Total genomic DNA was extracted from herbarium vouchers, silica dried or fresh leaf material either following the CTAB protocol  or using the Invisorb Spin Plant Mini kit (STRATEC Biomedical AG, Birkenfeld, Germany). Fresh material was collected in the Botanical Garden Heidelberg and immediately frozen in liquid nitrogen until further use. Dried leaf material was immediately silica dried or taken from herbarium vouchers. Depending on leaf size, one to three leaves were used per extraction. Material was homogenized either by grinding with a pistil on liquid nitrogen, or using a Precellys®24 homogenizer (Bertin Technologies, Montigny-le-Brettonneux, France) at 5000 rounds per minute for two times 10 s with five 2.5 mm glass beads. The Invisorb Spin Plant Mini kit was used following the manufacturer’s instructions, including the optional step of RNA digestion. The following modifications were applied to the CTAB protocol: DNA pellets were washed twice with 70% ethanol and then dissolved in 100 μl TE-buffer (10 mM Tris-HCl, 1 mM EDTA, pH 7.5) supplemented with 2 units of RNase A, RNA digestion was performed at 37 °C for 1 h. Quality (high molecular weight) and quantity (> 5 ng/μl) of DNA was checked rigorously prior to library preparation. DNA quality and fragment length was checked on 1% agarose gels, and concentration was assessed via fluorescence spectroscopy using a high-sensitivity, double-stranded DNA specific dye with the Qubit® dsDNA HS Assay (Thermo Fisher Scientific, Waltham, Massachusetts, USA).
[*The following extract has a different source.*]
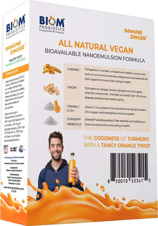 Biom Probiotics Immune Zinger with Bioavailable Turmeric -Ginger Extract in Water dispersible Form. Added Zinc, Vitamin C and Gut Health Prebiotics

Library preparation and next-generation sequencing
Libraries were sequenced at the Deep Sequencing Core Facility, University of Heidelberg, and were prepared from total genomic DNA with the Illumina TruSeq Kit (Illumina, Inc., San Diego, California, U.S.) in paired-end mode with insert size 200–400 base pairs (bp). Read length was 100 bp. Samples were barcoded for multiplexing, and on average 4 tetraploid or 8 diploid individuals were sequenced on one lane to obtain intermediate sequencing depth. Sequencing was conducted on Illumina HiSeq2000 (Illumina, Inc.).
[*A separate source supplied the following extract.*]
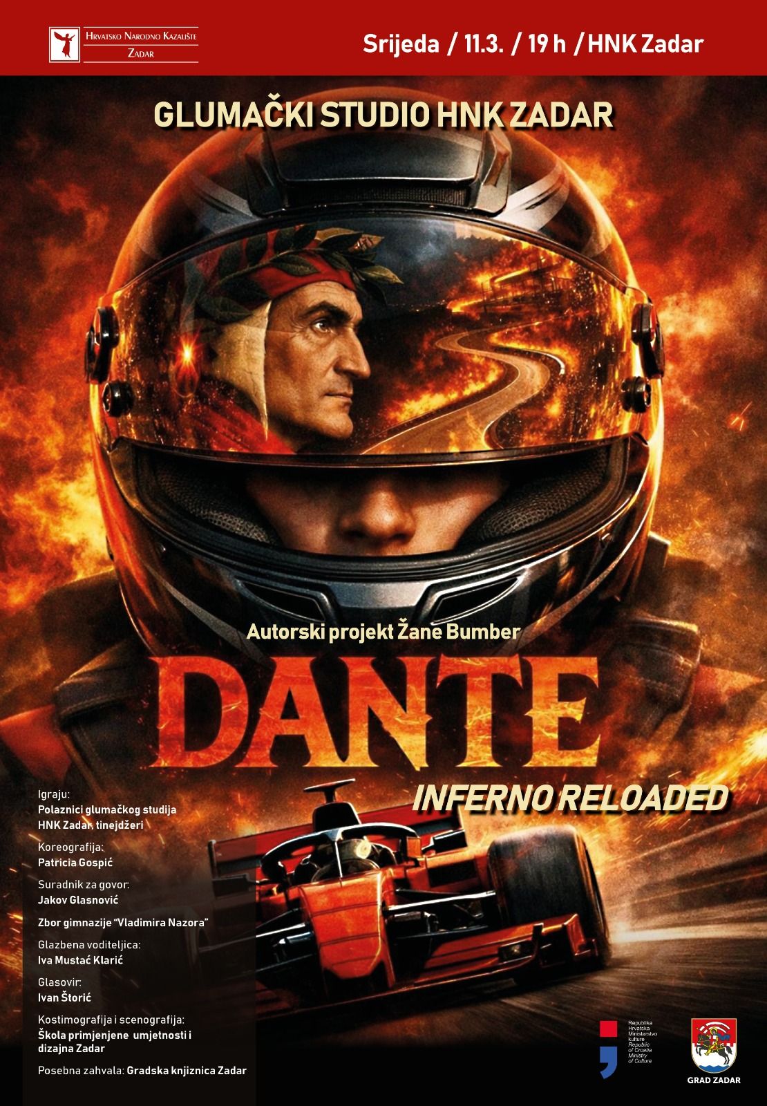 Hrvatsko narodno kazalište Zadar najavljuje u srijedu, 11. ožujka u 19 sati u HNK Zadar premijerno će biti izvedena predstava „Dante, Inferno reloaded“ u produkciji Glumačkog studija HNK Zadar.

For details regarding library preparation method, see Additional file 2.
Assembly and annotation of plastid genomes
Assembly of plastid genomes generally followed the procedure described in Hohmann et al. (2015)  and Novikova et al. (2016) . To recover the complete plastome sequence the reads were assembled de novo in CLC Genomics workbench version 6.0.4 (CLC bio, Aarhus, Denmark). Failed reads were discarded upon import, and imported reads were trimmed for sequencing quality as well as for remaining adapter sequences. A minimum per-base quality of 0.001 (corresponding to a phred-based score of 30) was applied, with a minimum remaining length of 50 bp. Only paired reads were used further.
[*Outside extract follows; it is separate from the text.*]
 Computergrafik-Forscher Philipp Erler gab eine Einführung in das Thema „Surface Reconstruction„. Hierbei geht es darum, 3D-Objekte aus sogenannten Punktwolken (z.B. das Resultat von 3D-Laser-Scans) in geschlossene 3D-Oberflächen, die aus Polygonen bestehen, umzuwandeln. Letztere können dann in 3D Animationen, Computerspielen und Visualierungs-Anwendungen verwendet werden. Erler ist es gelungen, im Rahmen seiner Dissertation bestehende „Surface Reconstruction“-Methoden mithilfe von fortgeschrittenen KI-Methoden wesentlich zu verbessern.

The legacy version of the CLC Genomics de novo algorithm was used with distance settings matching the insert size of sequencing libraries. Sequences were required to have a sequence similarity of 0.9 over a length fraction of 0.9 for assembly, and the default parameters were used for mismatch, insertion and deletion cost (2, 3, and 3, respectively). Random assignment was used for non-specific matches, and conflicts were resolved by voting. An automatic word size was applied, and minimum contig length was generally 2000 bp, but adjusted depending on read number to ensure sufficient computational resources. Reads were mapped back to contigs to achieve an accurate assembly and be able to detect inconsistencies. Contigs belonging to the plastid genome are easily identified by their high coverage, as plastids have a high copy number in each cell, comparable to that of nuclear encoded ribosomal DNA and approximately 10 times higher than that of the mitochondrial genome . The browser version of NCBIs nucleotide blast was used to confirm the identification as plastid sequence with default settings and detect the sequence direction. These were manually aligned to a reference in PhyDE version 0.9971 . Already assembled sequences were used as a reference, and since here only additional individuals from already known populations were sequenced, the already assembled genomes from respective populations were used. Contigs often overlapped, but where they did not the sequence of the reference was inserted into a pseudo genome. This in turn was used as a reference for mapping in a round of quality control. The legacy version of the CLC Genomics mapping algorithm was used with the same settings as for de novo assembly to map all reads back to the hybrid sequence of reference and newly assembled contigs. Subsequently, Variant Detection was conducted in CLC Genomics to identify differences between reads and reference, ignoring non-specific matches and broken pairs. To find all differences such as SNPs and short indels, the minimum coverage was set to 1 and variant probability to 0.1. As the plastid genome is haploid, the maximum expected number of variants was 1. Long indels, which will not be identified by Variant Detection, were located manually. If variants were found, the newly assembled genome sequence was adjusted and the mapping as well as variant detection steps were repeated until no further differences could be detected.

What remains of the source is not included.